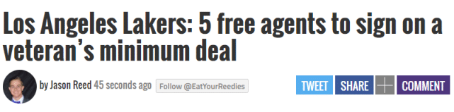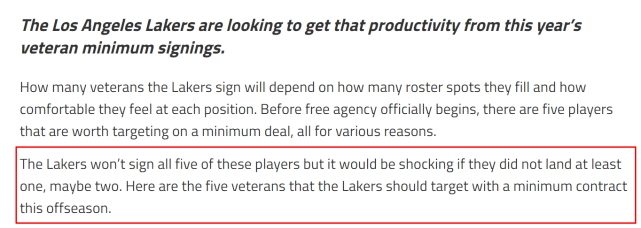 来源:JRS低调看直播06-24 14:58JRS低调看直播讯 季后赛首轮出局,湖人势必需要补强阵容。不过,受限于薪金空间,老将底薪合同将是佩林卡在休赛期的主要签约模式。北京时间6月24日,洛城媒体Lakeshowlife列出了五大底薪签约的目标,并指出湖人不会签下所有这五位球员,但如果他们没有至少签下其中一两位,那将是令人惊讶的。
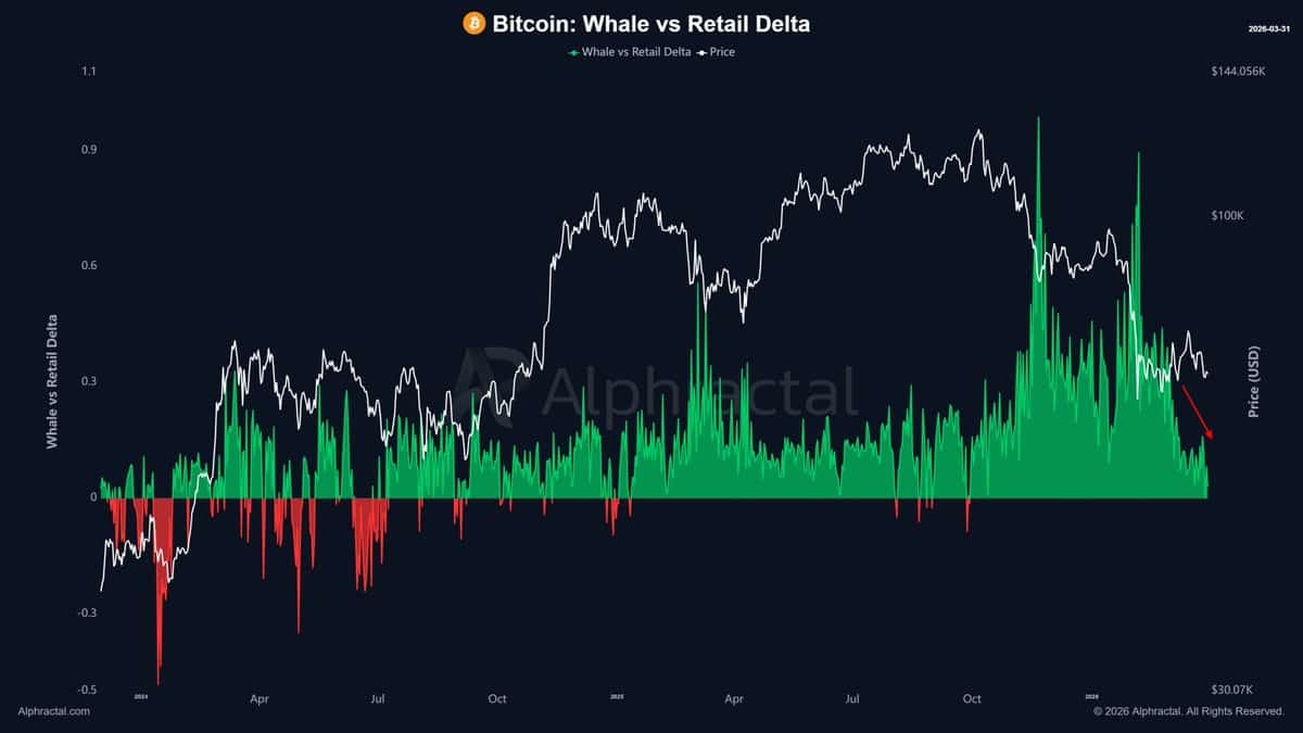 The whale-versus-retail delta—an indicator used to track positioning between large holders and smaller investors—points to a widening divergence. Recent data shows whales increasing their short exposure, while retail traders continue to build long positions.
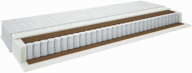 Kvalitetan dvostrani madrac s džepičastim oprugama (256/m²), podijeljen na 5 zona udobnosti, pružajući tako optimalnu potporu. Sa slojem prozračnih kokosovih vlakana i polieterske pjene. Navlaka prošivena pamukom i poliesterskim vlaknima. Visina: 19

━━━━━━━━━━

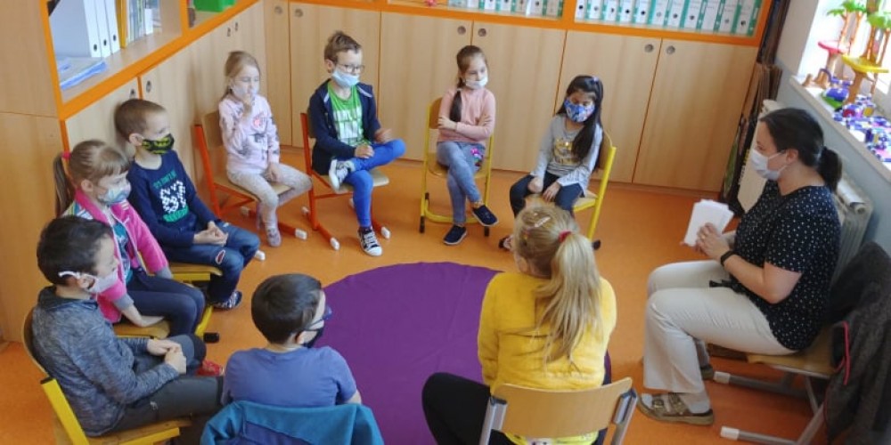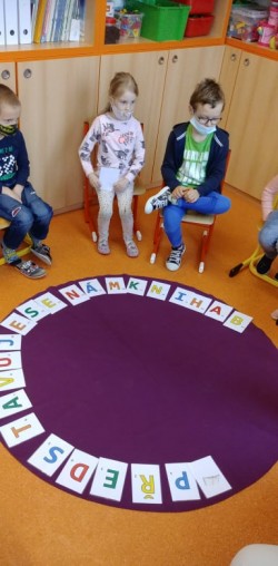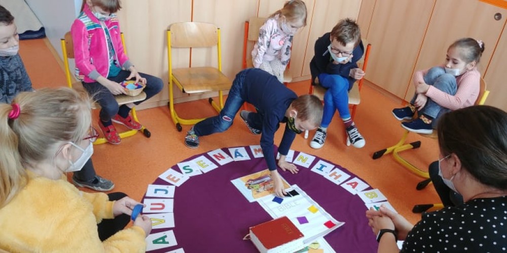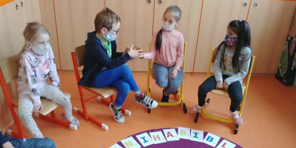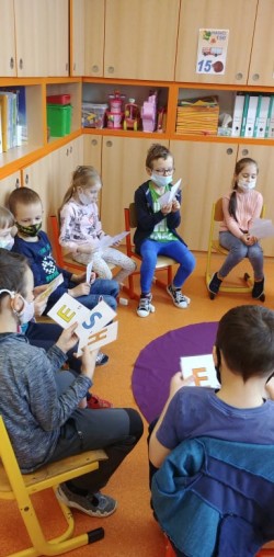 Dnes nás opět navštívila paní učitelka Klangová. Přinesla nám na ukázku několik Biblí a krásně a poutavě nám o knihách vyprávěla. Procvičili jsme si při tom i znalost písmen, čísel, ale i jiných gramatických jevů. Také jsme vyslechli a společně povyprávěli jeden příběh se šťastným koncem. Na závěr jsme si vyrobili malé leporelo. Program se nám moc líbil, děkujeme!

━━━━━━━━━━

:: Assignment ::
Only the lines starting at the one that includes "The whale-versus-retail delta—an" and ending at the one that includes "Kvalitetan dvostrani madrac" should be retyped, exactly, from the records above; no pictures.

:: Output below ::
 The whale-versus-retail delta—an indicator used to track positioning between large holders and smaller investors—points to a widening divergence. Recent data shows whales increasing their short exposure, while retail traders continue to build long positions.
 Kvalitetan dvostrani madrac s džepičastim oprugama (256/m²), podijeljen na 5 zona udobnosti, pružajući tako optimalnu potporu. Sa slojem prozračnih kokosovih vlakana i polieterske pjene. Navlaka prošivena pamukom i poliesterskim vlaknima. Visina: 19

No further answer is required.